▸ **Exercise brief**: Print every line below exactly as written, but leave the pictures behind.

Information shown below:

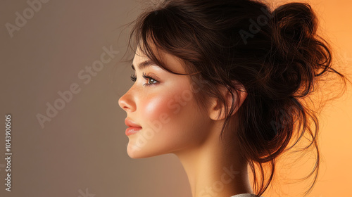 woman, side, profile, warm, lighting, elegance, serene, beauty, portrait, coiffure, calm, soft, feature, visual, art, natural, light, aesthetic, head shot, facial, skin, tone, feminine, thoughtful, styling, fashion, shoot, attractiveness, peaceful, artistry, expression, glow, shot, effect, studio, inspiration, gaze, glowing, ambience, warmth, tranquil, model, photographic, creative, minimalism, representation, standard, care, industry
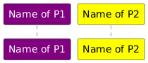 @startuml skinparam participantFontColor automatic participant "Name of P1" as S1 #purple participant "Name of P2" as S2 #yellow @enduml
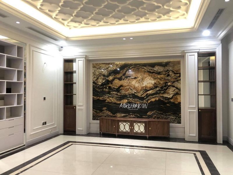 Được sử dụng đá dối vân ốp tường cho phòng khách chung cư biệt thự, nhà phố được ưa chuộng sử dụng trong trang trí và tạo điểm nhấn riêng biệt cho phòng
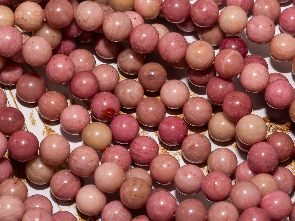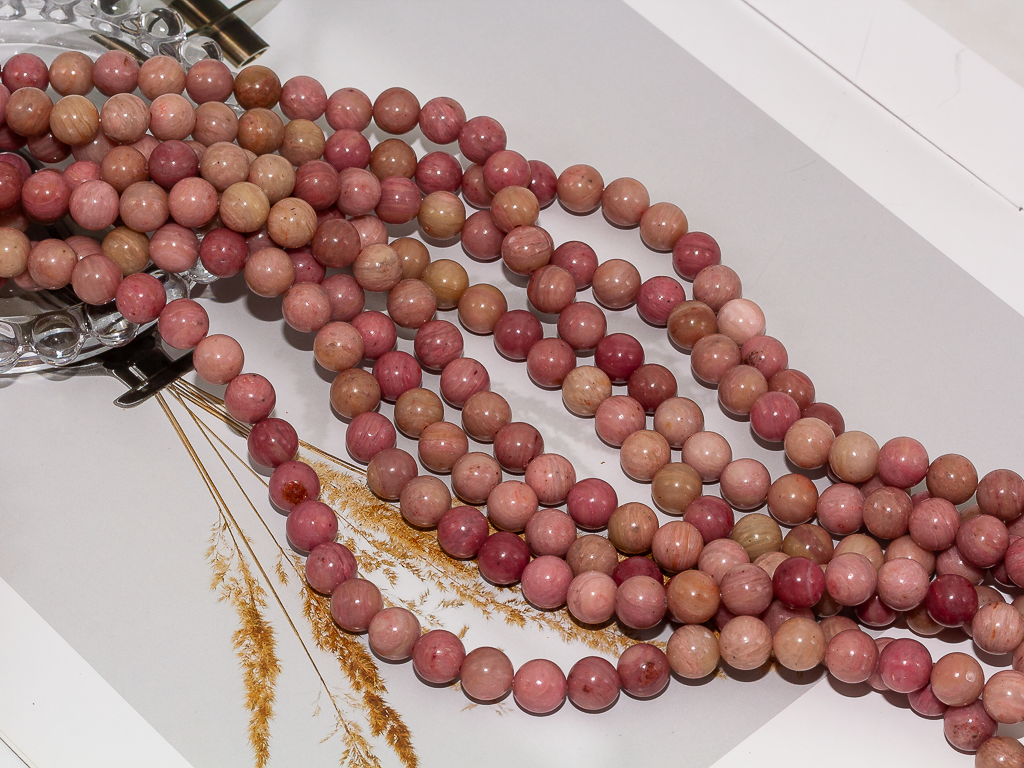 Круглые гладкие бусины из родонита можно использовать для любых видов украшений, идеально подойдет для браслета, колье, чокера, сережек. Камни в нитке неоднородны, могут немного отличаются по цвету и размеру.

End of Information shown.

▸ **Response to the exercise**:
 woman, side, profile, warm, lighting, elegance, serene, beauty, portrait, coiffure, calm, soft, feature, visual, art, natural, light, aesthetic, head shot, facial, skin, tone, feminine, thoughtful, styling, fashion, shoot, attractiveness, peaceful, artistry, expression, glow, shot, effect, studio, inspiration, gaze, glowing, ambience, warmth, tranquil, model, photographic, creative, minimalism, representation, standard, care, industry
 @startuml skinparam participantFontColor automatic participant "Name of P1" as S1 #purple participant "Name of P2" as S2 #yellow @enduml
 Được sử dụng đá dối vân ốp tường cho phòng khách chung cư biệt thự, nhà phố được ưa chuộng sử dụng trong trang trí và tạo điểm nhấn riêng biệt cho phòng
 Круглые гладкие бусины из родонита можно использовать для любых видов украшений, идеально подойдет для браслета, колье, чокера, сережек. Камни в нитке неоднородны, могут немного отличаются по цвету и размеру.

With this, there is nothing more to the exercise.